[[ Given data, beginning ]]

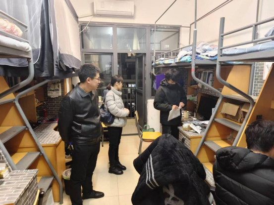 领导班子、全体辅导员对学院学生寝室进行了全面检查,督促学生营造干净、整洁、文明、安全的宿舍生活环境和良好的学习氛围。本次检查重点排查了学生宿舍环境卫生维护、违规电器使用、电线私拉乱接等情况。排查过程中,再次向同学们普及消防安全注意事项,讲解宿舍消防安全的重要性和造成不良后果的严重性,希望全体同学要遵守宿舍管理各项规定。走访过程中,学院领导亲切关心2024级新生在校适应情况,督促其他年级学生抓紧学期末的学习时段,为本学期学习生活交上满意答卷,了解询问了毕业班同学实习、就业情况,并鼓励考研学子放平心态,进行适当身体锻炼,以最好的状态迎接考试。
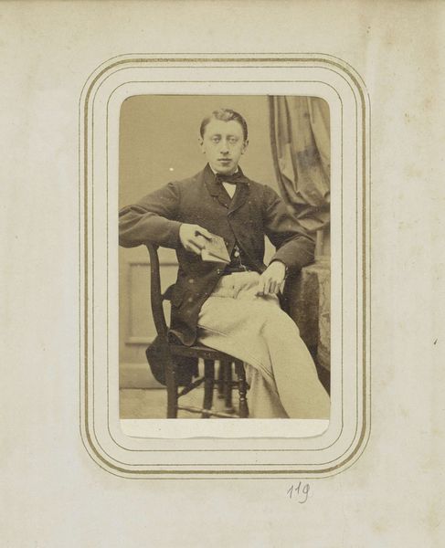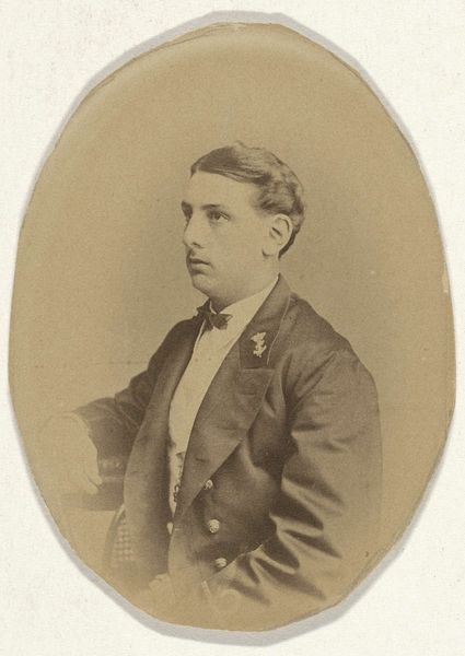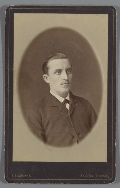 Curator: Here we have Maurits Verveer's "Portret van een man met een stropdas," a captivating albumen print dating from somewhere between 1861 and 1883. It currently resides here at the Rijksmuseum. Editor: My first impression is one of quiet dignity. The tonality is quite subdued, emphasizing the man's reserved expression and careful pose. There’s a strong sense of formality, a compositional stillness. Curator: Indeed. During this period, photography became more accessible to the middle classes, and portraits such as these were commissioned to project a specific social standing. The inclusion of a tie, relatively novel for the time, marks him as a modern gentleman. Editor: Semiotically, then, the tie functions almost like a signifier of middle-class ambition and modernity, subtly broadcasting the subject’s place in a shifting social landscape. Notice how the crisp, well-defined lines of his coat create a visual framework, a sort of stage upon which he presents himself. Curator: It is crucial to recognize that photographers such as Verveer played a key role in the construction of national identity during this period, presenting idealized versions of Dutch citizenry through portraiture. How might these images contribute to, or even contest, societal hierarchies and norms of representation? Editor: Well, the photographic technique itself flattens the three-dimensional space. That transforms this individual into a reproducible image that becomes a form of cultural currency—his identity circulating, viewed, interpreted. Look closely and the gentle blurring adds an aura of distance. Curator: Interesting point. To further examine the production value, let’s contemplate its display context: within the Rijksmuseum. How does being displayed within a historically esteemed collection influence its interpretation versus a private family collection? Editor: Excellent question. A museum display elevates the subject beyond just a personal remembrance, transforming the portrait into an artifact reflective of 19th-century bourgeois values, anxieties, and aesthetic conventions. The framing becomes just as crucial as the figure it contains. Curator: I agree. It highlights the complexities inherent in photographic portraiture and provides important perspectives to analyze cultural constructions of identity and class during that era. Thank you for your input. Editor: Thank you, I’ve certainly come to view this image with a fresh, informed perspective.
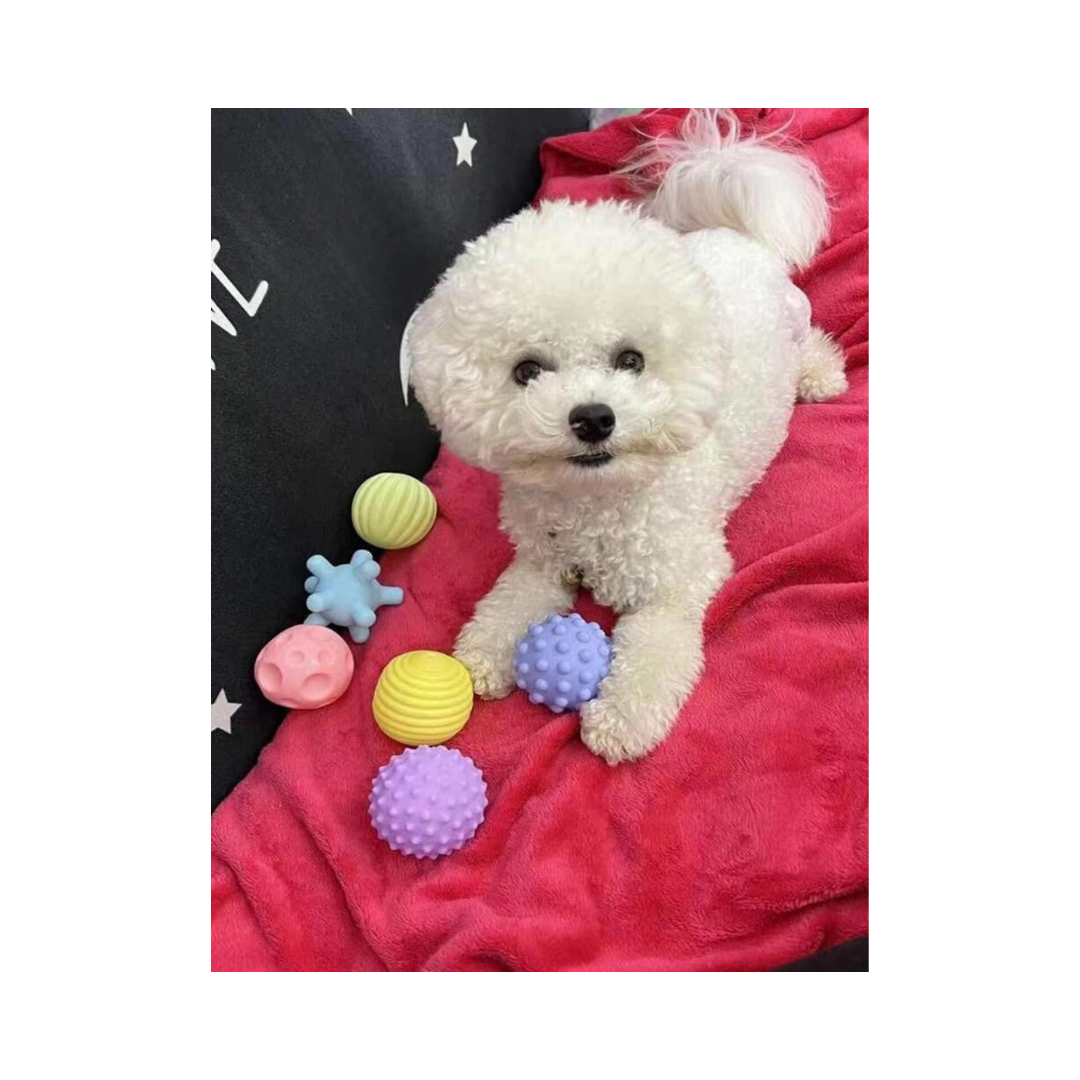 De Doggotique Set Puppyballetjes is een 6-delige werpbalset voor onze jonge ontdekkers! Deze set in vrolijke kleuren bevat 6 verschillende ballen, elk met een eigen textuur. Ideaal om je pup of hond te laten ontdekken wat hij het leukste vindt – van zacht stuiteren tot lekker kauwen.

[[ Given data, end ]]
[[ Given data, beginning ]]

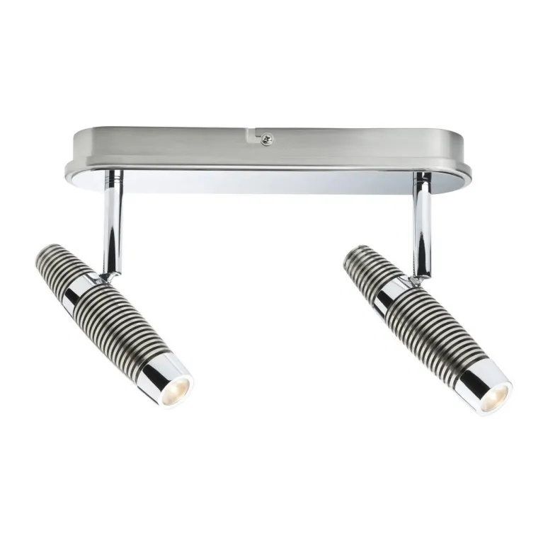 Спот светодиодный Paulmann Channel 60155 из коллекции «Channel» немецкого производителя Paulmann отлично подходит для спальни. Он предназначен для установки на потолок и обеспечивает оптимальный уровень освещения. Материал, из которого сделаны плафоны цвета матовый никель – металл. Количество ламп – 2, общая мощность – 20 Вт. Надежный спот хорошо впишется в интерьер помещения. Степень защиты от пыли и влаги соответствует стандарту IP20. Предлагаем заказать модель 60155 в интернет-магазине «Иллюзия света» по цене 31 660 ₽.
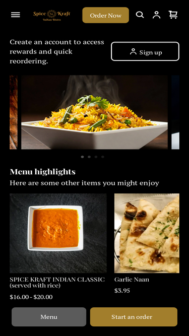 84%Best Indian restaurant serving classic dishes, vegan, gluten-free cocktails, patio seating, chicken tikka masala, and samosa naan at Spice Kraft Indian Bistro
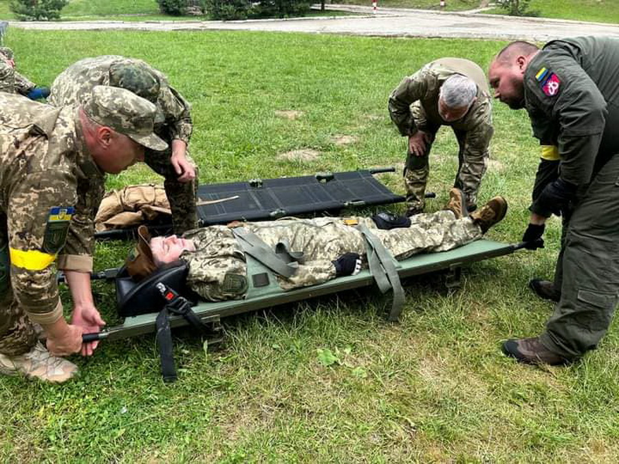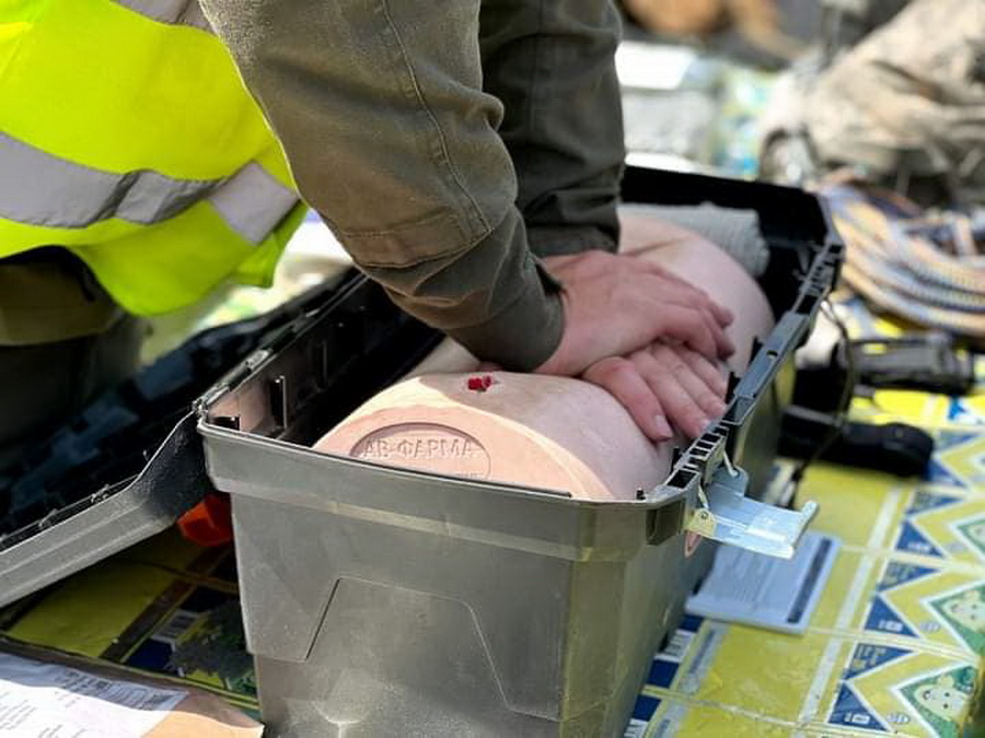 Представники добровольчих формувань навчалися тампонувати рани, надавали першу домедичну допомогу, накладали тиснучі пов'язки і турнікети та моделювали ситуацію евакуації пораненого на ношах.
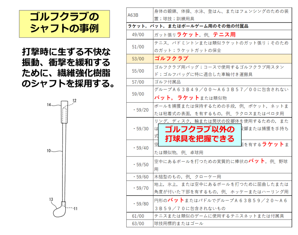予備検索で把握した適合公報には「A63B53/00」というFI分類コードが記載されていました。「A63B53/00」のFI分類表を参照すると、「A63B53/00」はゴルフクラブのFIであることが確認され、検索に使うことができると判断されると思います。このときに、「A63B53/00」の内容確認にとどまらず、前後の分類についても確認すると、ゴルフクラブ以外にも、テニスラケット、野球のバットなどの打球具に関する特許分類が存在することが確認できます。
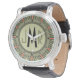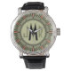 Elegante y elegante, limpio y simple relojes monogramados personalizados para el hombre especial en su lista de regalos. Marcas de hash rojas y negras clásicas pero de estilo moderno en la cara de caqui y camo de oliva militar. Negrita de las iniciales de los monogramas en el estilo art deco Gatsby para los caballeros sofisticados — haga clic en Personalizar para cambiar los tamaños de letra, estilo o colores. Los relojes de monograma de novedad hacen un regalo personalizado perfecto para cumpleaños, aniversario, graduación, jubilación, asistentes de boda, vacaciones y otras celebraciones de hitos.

[[ Given data, end ]]

• Work instruction:
Give again the stretch of lines above from the one with "予備検索で把握した適合公報に" through the one with "Elegante y elegante, limpio", both ends kept, and copy no pictures.

• Completed task:
予備検索で把握した適合公報には「A63B53/00」というFI分類コードが記載されていました。「A63B53/00」のFI分類表を参照すると、「A63B53/00」はゴルフクラブのFIであることが確認され、検索に使うことができると判断されると思います。このときに、「A63B53/00」の内容確認にとどまらず、前後の分類についても確認すると、ゴルフクラブ以外にも、テニスラケット、野球のバットなどの打球具に関する特許分類が存在することが確認できます。
 Elegante y elegante, limpio y simple relojes monogramados personalizados para el hombre especial en su lista de regalos. Marcas de hash rojas y negras clásicas pero de estilo moderno en la cara de caqui y camo de oliva militar. Negrita de las iniciales de los monogramas en el estilo art deco Gatsby para los caballeros sofisticados — haga clic en Personalizar para cambiar los tamaños de letra, estilo o colores. Los relojes de monograma de novedad hacen un regalo personalizado perfecto para cumpleaños, aniversario, graduación, jubilación, asistentes de boda, vacaciones y otras celebraciones de hitos.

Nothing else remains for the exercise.